Hence, the 1-minute load average will add up 63% of the load from last minute,
plus 37% of the load since start up excluding the last minute.
Therefore, it's not technically accurate
that the 1-minute load average only includes the last 60 seconds activity
(since it still includes 37% activity from the past),
but that includes mostly the last minute.

Converting to percent load: divide by number of cores (nproc).

Important:

Because the load number also includes processes in uninterruptible states
which don't have much effect on CPU utilization,
it's not quite correct to infer CPU usage from load averages.
This also explains why you may see high load averages but not much load on the CPU.
$ curl -s https://raw.githubusercontent.com/torvalds/linux/v4.8/kernel/sched/loadavg.c | head -n 7
/*
 * kernel/sched/loadavg.c
 *
 * This file contains the magic bits required to compute the global loadavg
 * figure. Its a silly number but people think its important. We go through
 * great pains to make it work on big machines and tickless kernels.
 */

CPU Load Average to System Load Average

The change (the swapping state was later removed from Linux):

From: Matthias Urlichs <urlichs@smurf.sub.org>
Subject: Load average broken ?
Date: Fri, 29 Oct 1993 11:37:23 +0200

The kernel only counts "runnable" processes when computing the load average.
I don't like that; the problem is that processes which are swapping or
waiting on "fast", i.e. noninterruptible, I/O, also consume resources.

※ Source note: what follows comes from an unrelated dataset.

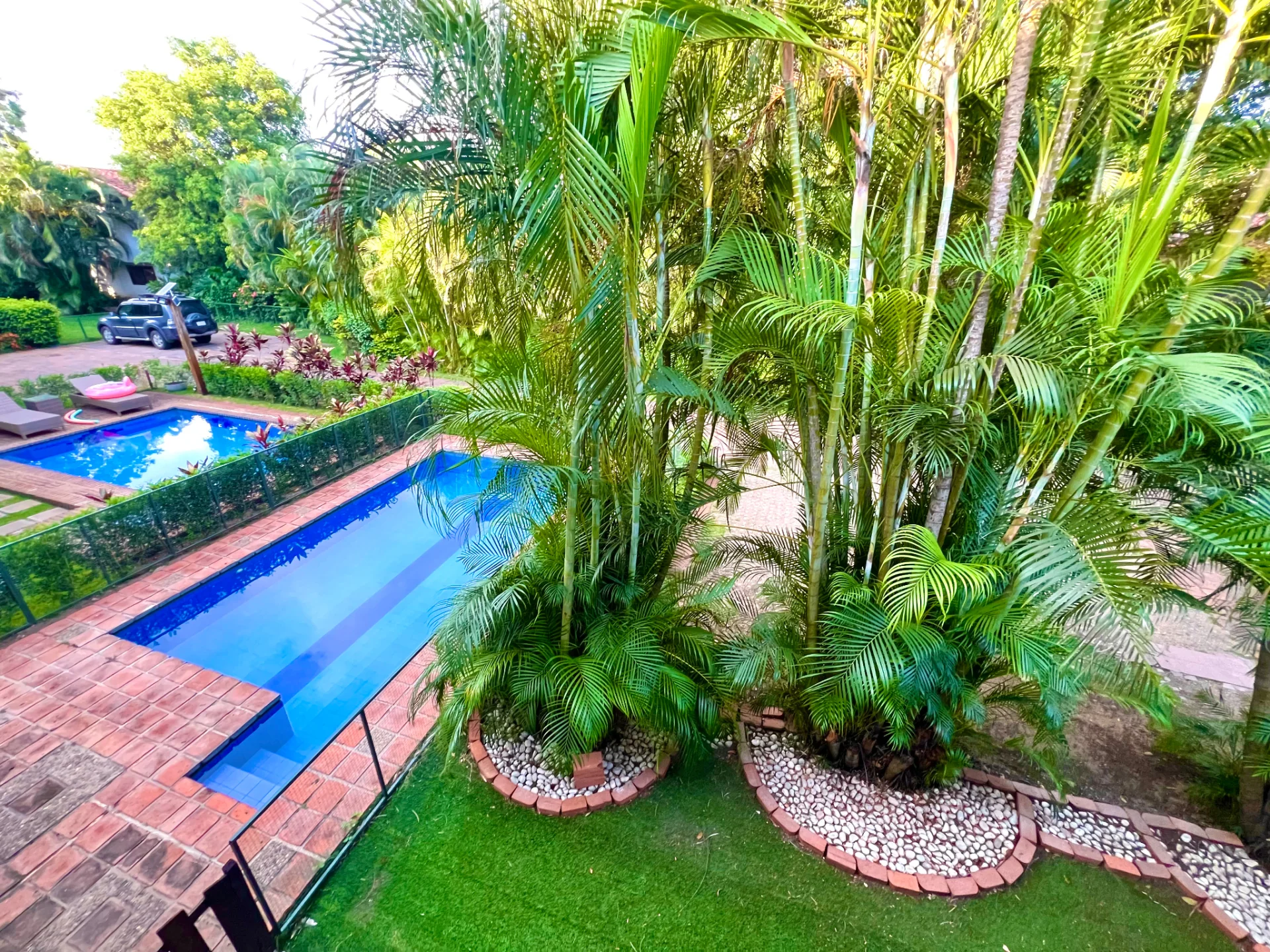 VISTA PANORAMICA HACIA JARDINES Y PISCINA PROPIA

It seems somewhat nonintuitive that the load average goes down when you
replace your fast swap disk with a slow swap disk...

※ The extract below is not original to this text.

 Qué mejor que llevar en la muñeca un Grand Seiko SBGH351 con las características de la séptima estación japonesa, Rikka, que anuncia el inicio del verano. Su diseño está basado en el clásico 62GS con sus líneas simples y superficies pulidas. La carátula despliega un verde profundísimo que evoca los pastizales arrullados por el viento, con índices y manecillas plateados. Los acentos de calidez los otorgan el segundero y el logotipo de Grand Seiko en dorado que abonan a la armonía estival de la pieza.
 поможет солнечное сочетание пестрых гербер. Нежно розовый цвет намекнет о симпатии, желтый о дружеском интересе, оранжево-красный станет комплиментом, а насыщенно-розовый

Anyway, the following patch seems to make the load average much more
consistent WRT the subjective speed of the system. And, most important, the
load is still zero when nobody is doing anything. ;-)

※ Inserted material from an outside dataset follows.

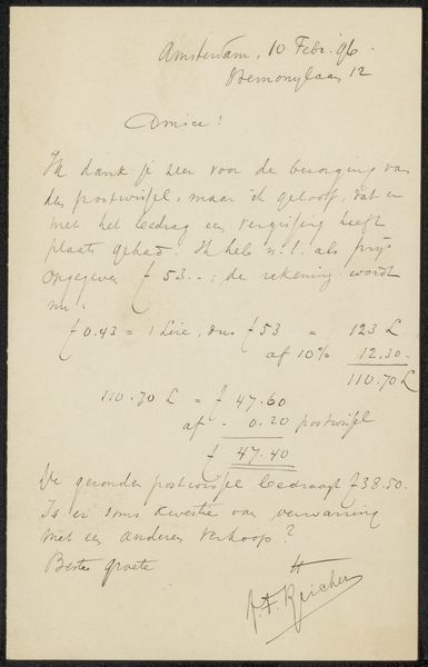 This is a letter from Floris Verster to Philip Zilcken, written in 1890. It gives us a glimpse into the financial realities of the art world at the time. Verster discusses sending work to the United States, specifically New York, for an exhibition. The bulk of the letter itemizes prices for his artworks in dollars. The letter reveals the economic transactions that underpin artistic exchange, the negotiation of value, and the artist's reliance on institutional structures like exhibitions to make a living. Consider the Rijksmuseum's role in preserving this document, turning private correspondence into a public object. What does it mean when a letter detailing the economics of art becomes itself a valued artwork? To delve deeper, one might research the art market of the late 19th century, exhibition practices, and the biographies of both Verster and Zilcken. This letter reminds us that art history is as much about money and institutions as it is about aesthetics.

--- kernel/sched.c.orig Fri Oct 29 10:31:11 1993
+++ kernel/sched.c  Fri Oct 29 10:32:51 1993
@@ -414,7 +414,9 @@
    unsigned long nr = 0;

    for(p = &LAST_TASK; p > &FIRST_TASK; --p)
-       if (*p && (*p)->state == TASK_RUNNING)
+       if (*p && ((*p)->state == TASK_RUNNING) ||
+                  (*p)->state == TASK_UNINTERRUPTIBLE) ||
+                  (*p)->state == TASK_SWAPPING))
            nr += FIXED_1;
    return nr;
 }
--
Matthias Urlichs        \ XLink-POP N|rnberg   | EMail: urlichs@smurf.sub.org
Schleiermacherstra_e 12  \  Unix+Linux+Mac     | Phone: ...please use email.
90491 N|rnberg (Germany)  \   Consulting+Networking+Programming+etc'ing

Tick Rate

Tick rate has a frequency of HZ hertz and a period of 1/HZ seconds. If HZ is defined as 1000 that means that maximum amount of time that a process can take a CPU to run its instructions is 1/1000 of a second, after this period the interrupt will occur and internal Linux timer will take over a control on this CPU.

include/asm-i386/param.h
#define HZ 1000        /* internal kernel time frequency */

Find current HZ with grep 'CONFIG_HZ=' /boot/config-$(uname -r).

Jiffs

Show current jiffs: sudo grep -E "^cpu|^jiff" /proc/timer_list

The load average consists of measurements (samples) taken every 5 seconds:

include/linux/sched/loadavg.h
#define LOAD_FREQ       (5*HZ+1)        /* 5 sec intervals */

Load Average is Relative

The number of tasks willing to run depends on:

  • the architecture of the software (single process? multiple processes? do they depend on each other?)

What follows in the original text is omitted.